Spurious / pseudonymous

The Pseudo-Isidorian Decretals

9th c. · 9th c. · 7 works

The Pseudo-Isidorian Decretals, commonly called the False Decretals, are a sprawling collection of canon-law documents assembled in the Frankish kingdom around the middle of the ninth century, most likely between roughly 847 and 852. The compilation presents itself as the work of one "Isidore Mercator" (Isidorus Mercator, servus Christi lectori salutem), a name that prompted medieval readers to confuse the supposed author with St. Isidore of Seville. The texts purport to be a sequence of papal letters and conciliar canons reaching back from Clement I through the early eighth century. In reality the collection is one of the most ambitious and influential forgeries in the history of Western law.

The work deliberately mixes authentic material with fabrication. It draws on a genuine Spanish canonical collection, the Hispana, and embeds real conciliar decrees and authentic papal letters alongside scores of invented documents. The early papal "decretals" attributed to the martyr-popes before Nicaea are almost entirely forged, and more than ninety spurious papal letters appear across the whole collection; the notorious Donation of Constantine is included among the materials. The forgers were learned men who pieced their fabrications together mosaic-fashion from countless genuine texts, lending the counterfeits a convincing surface.

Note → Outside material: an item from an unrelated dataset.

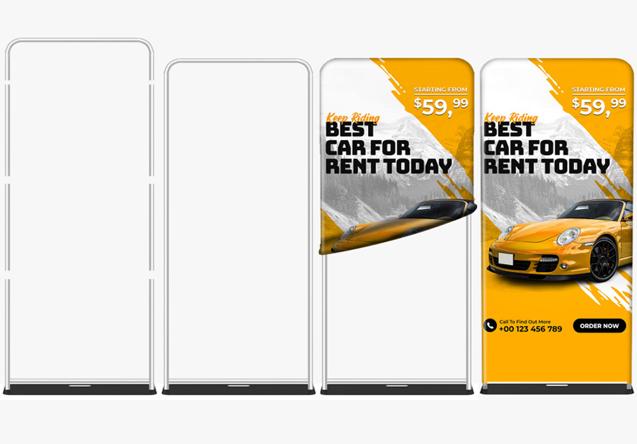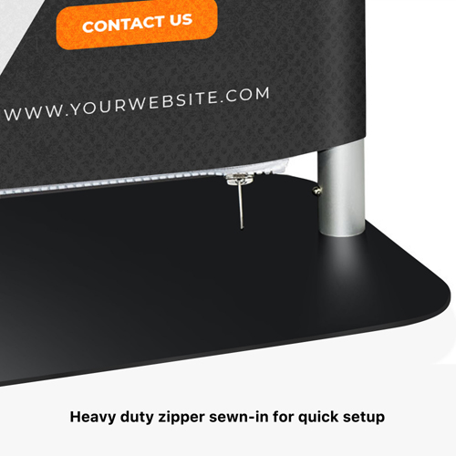 3. To wrap the fabric banner on the frame and zip up, afterwards install whole display stand to the base.

The forgers' principal aim was to strengthen the position of bishops. The fabricated decretals sought to shield bishops from secular rulers and from the encroachments of metropolitan archbishops and provincial synods, making the accusation, trial, and deposition of a bishop procedurally difficult and reserving such grave cases (causae maiores) to the judgment of Rome. By routing episcopal appeals to the papacy, the collection also tended to magnify papal authority, even if that was a means rather than the primary end. The texts arose amid the instability of the later Carolingian church, when bishops had been deposed and exiled in the upheavals following Louis the Pious.

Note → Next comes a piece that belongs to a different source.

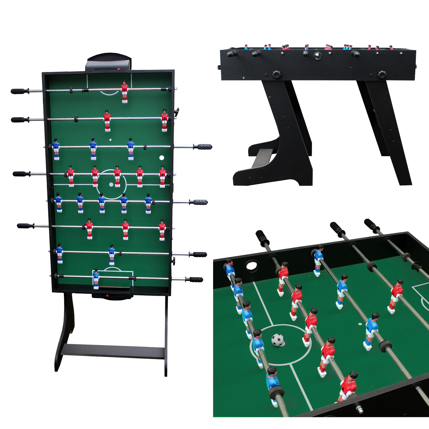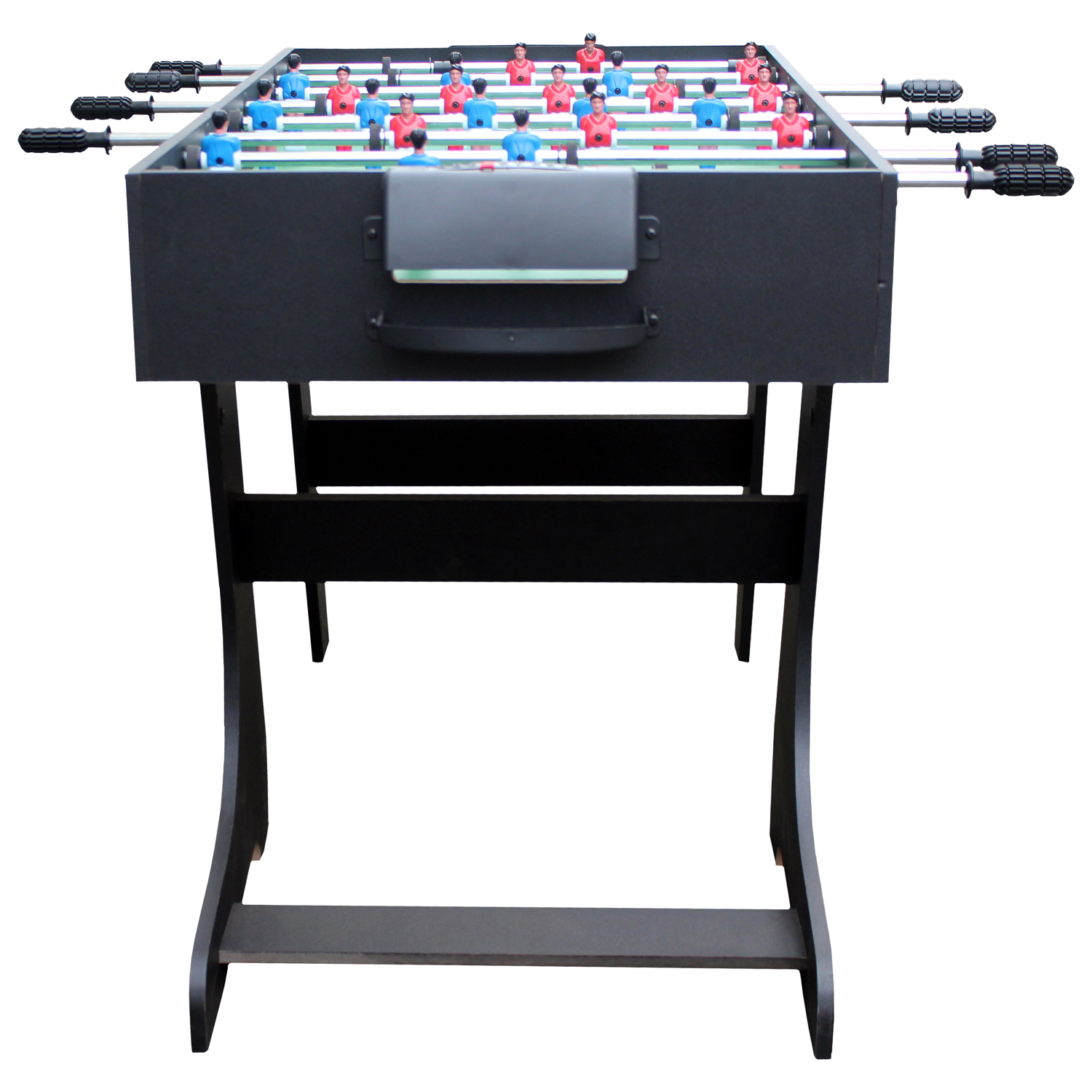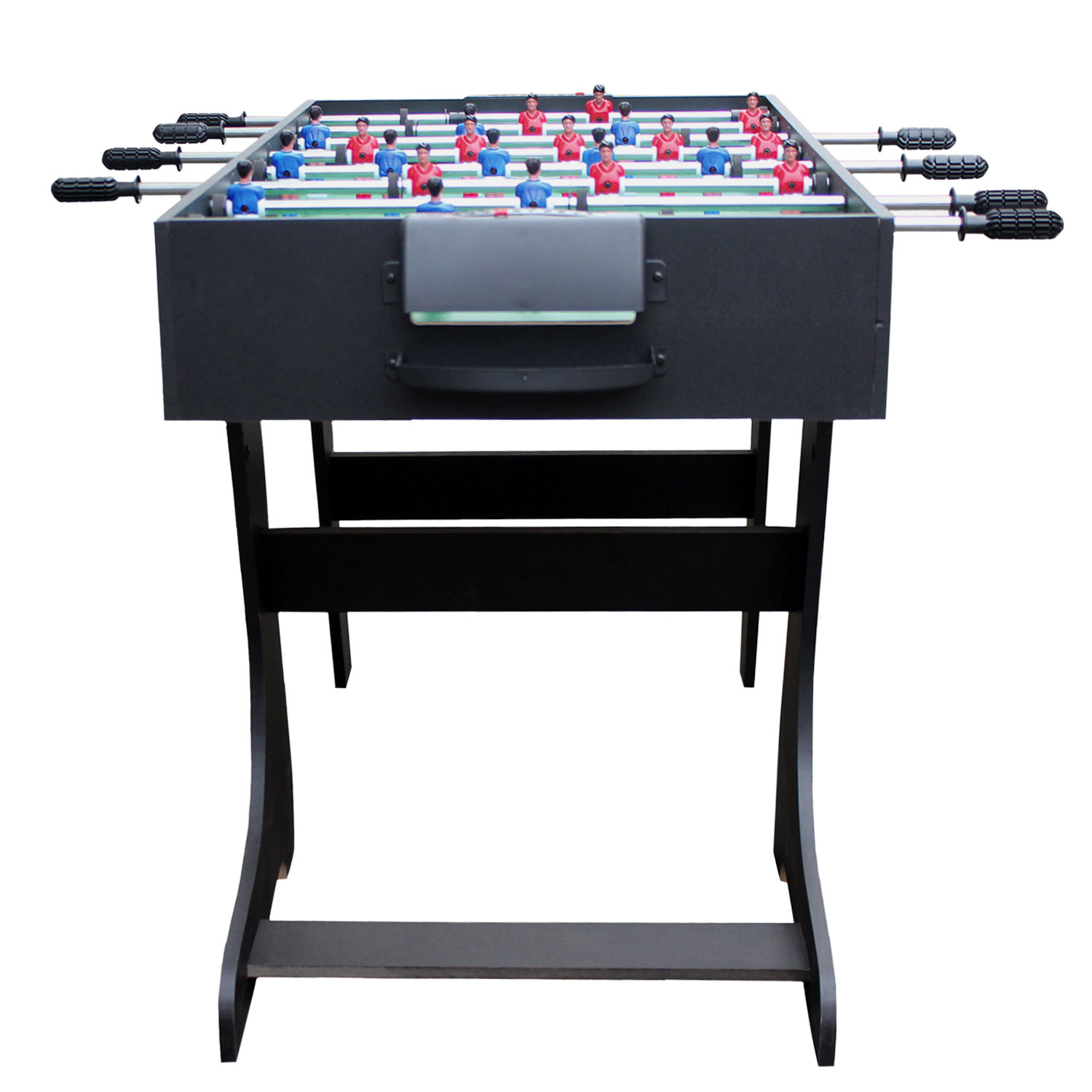 Grâce à ce baby-foot pliable, les petits découvriront le plaisir du football miniature sur table ! Faites-leur plaisir avec ce baby-foot pour enfant, à installer dans la chambre ou dans la salle de jeux pour des heures d'amusement et de loisirs. Il se plie verticalement pour pouvoir se ranger facilement contre un mur, permettant ainsi de gagner de l'espace dans la pièce lorsque les enfants ont fini d'y jouer. Sa structure est fabriquée en MDF, qui allie la robustesse et la légèreté. Vous pouvez le monter et le déplacer facilement et pourrez le garder pendant plusieurs années sans qu'il ne s'abîme. Ce baby-foot pliant pour enfants contient 3 balles de jeu, de quoi s'en donner à cœur joie, à 2 ou à 4, dans des parties passionnées. Entre amis ou en famille, cela plaira à coup sûr à nos benjamins fans du ballon rond !

For centuries the False Decretals were accepted as genuine and exerted enormous influence on medieval canon law, passing through later canonical collections and ultimately into Gratian's Decretum (c. 1140), which absorbed hundreds of Pseudo-Isidorian chapters into the standard textbook of church law. Their authenticity was decisively refuted in the seventeenth century by the Protestant scholar David Blondel (1628), and the remaining undetected forgeries were identified in the eighteenth century by the Catholic brothers Pietro and Girolamo Ballerini. Modern scholarship now universally regards the collection as a forgery, even as debate continues over the precise identity of its authors.